Villa Medici

Storia

  • La facciata e il Mercurio di Giambologna

    La facciata e il Mercurio di Giambologna
    © 2009 Académie de France à Rome - Villa Medici
    Fotografie di Giuseppe Causati e Piero Zagami

  • La facciata su via Trinità dei Monti

    La facciata su via Trinità dei Monti
    © 2009 Académie de France à Rome - Villa Medici
    Fotografie di Giuseppe Causati e Piero Zagami

  • Dettagli delle mura esterne e veduta su Roma

    Dettagli delle mura esterne e veduta su Roma
    © 2009 Académie de France à Rome - Villa Medici
    Fotografie di Giuseppe Causati e Piero Zagami

Conosciamo solo in parte la storia della collina del Pincio tra il VI e il XVI secolo. Quando il cardinale Giovanni Ricci da Montepulciano acquistò il terreno nel 1564 vi era soltanto un piccolo edificio, detto "Casina Crescenzi" dal nome del proprietario, e alcune antiche vestigia, come il tempio della Fortuna. Il Cardinal Ricci vi fece quindi costruire dall'architetto fiorentino Nanni di Baccio Bigio un imponente palazzo residenziale integrando una parte delle strutture preesistenti. Sotto la sua direzione furono avviati grandi lavori che non erano ancora stati terminati alla morte del cardinale, nel 1574.

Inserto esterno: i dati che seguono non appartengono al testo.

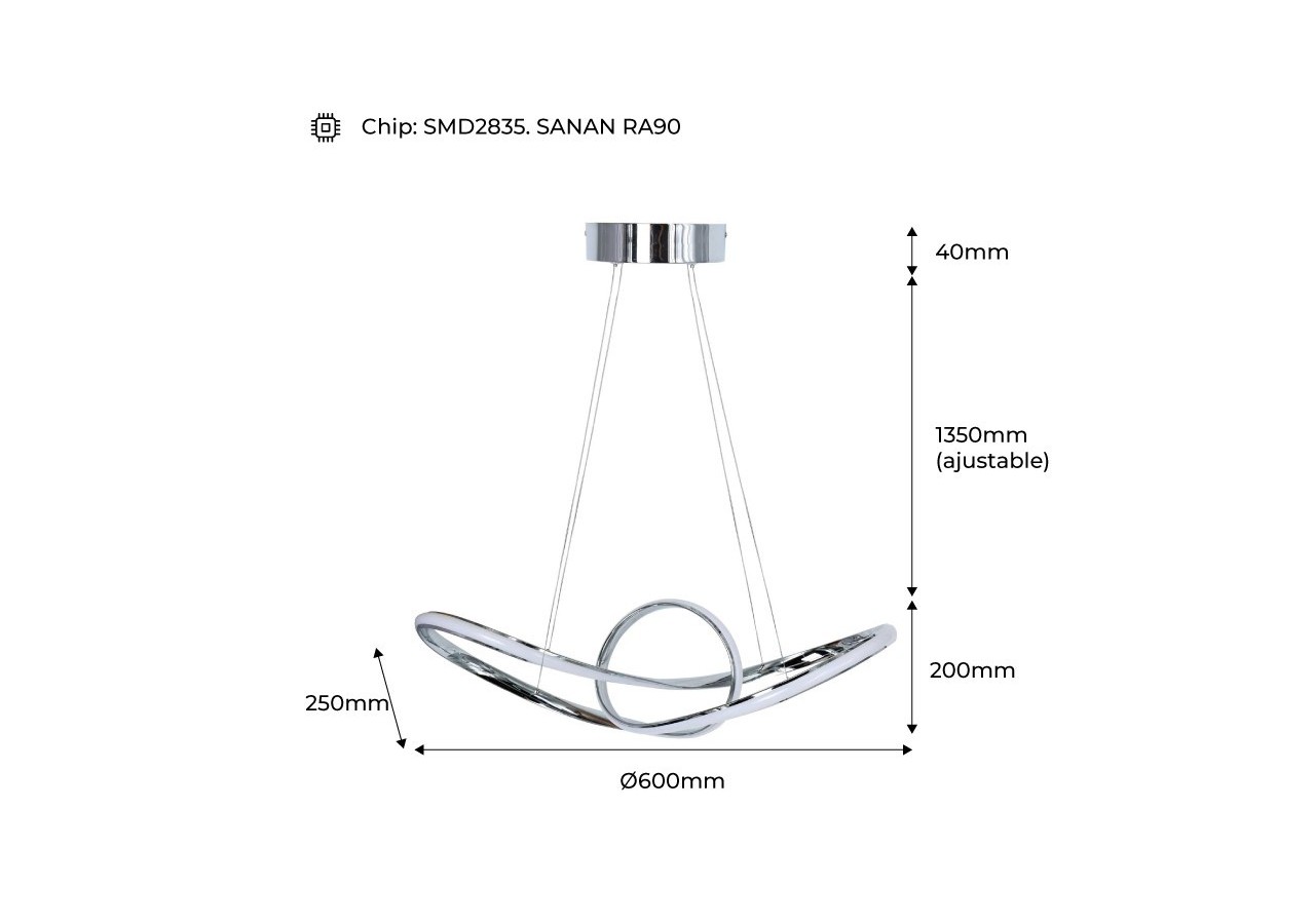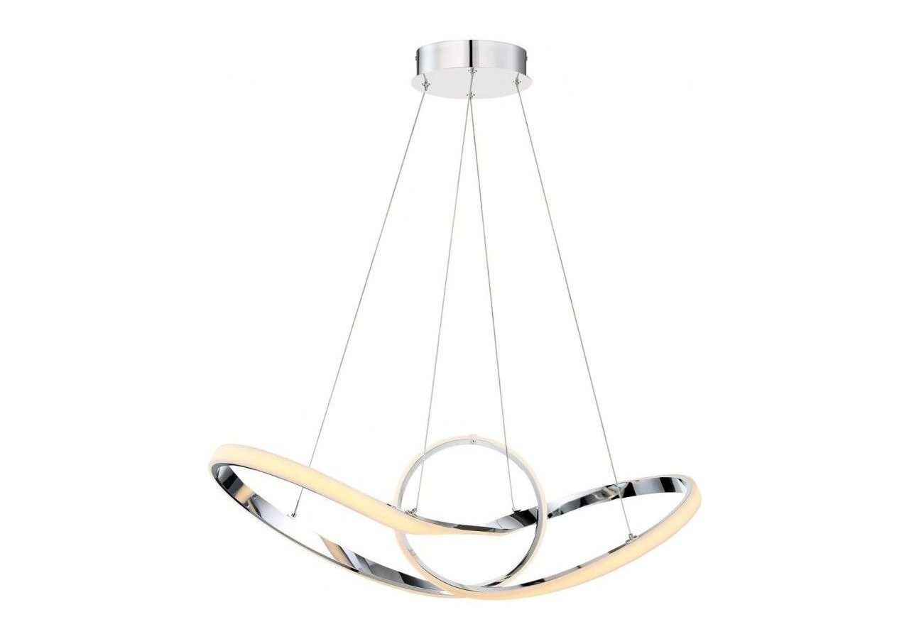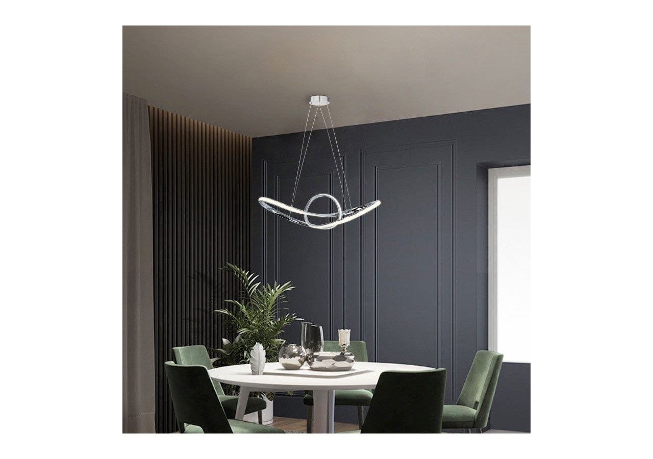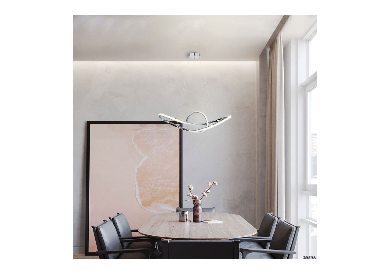 Suspension LED "Loren" 34W, très décorative avec ses anneaux chromés qui s'entremêlent en une structure futuriste.Suspendue au plafond par 4 câbles discrets fixés à la rosace cache-fils, elle donne l'impression de flotter dans les airs. Un dispositif de verrouillage permet d'ajuster la longueur des câbles lors de son installation, et ainsi d'ajuster la hauteur de la lampe à vos besoins. Un luminaire LED qui décore autant qu'il éclaire, idéal dans un salon, une salle à manger, un restaurant, une boutique, etc.

Ferdinando de' Medici (1549-1609), cardinale già a tredici anni, collezionista e mecenate, acquistò il terreno nel 1576 e affidò all'architetto fiorentino Bartolomeo Ammannati un progetto molto ambizioso, per trasformare la residenza in un magnifico palazzo degno dei Medici. Amante dell'antichità come molti dei suoi contemporanei, Ferdinando de' Medici concepì la Villa come un museo, vi dispose una galleria-antiquarium dove poteva esporre la sua collezione di opere antiche e fece inserire una serie di bassorilievi antichi nella facciata orientata verso il giardino. Anche il parco venne realizzato con effetto scenografico, sul modello dei giardini botanici creati da suo padre qualche anno prima a Pisa e Firenze: vi si potevano trovare diverse piante rare e molte preziose opere antiche. A sud le rovine del Tempio della Fortuna vennero interrate per lasciare spazio a un belvedere, il Parnaso, dal quale si poteva godere la vista di gran parte della città e di quella che, al tempo, era la campagna circostante.

Lontano dagli sguardi, sulle Mura Aureliane, venne edificato lo Studiolo, un piccolo padiglione commissionato da Ferdinando de' Medici e collocato su una delle torri di guardia delle Mura Aureliane. Tale padiglione, che affacciava sulla campagna romana, è costituito da una sala principale e da una sala più piccola che dà su un terrazzino. Il recente restauro di questo edificio ha riportato alla luce la magnifica decorazione di Jacopo Zucchi (allievo del Vasari), risalente agli anni 1576-1577,  che rappresenta un pergolato popolato da una moltitudine di uccelli. Il vestibolo è decorato invece da un'interessante veduta della Villa all'epoca di Ferdinando, da allegorie delle stagioni e da scene tratte dalle favole di Esopo. Nel 1587 il cardinale Ferdinando de' Medici fu chiamato a Firenze per succedere a Francesco I sul trono del Granducato di Toscana e non riuscì a portare a termine la costruzione della villa. Le statue più preziose furono spostate a Firenze e i Lorena, eredi del Granducato di Toscana, misero in vendita la Villa nel 1803.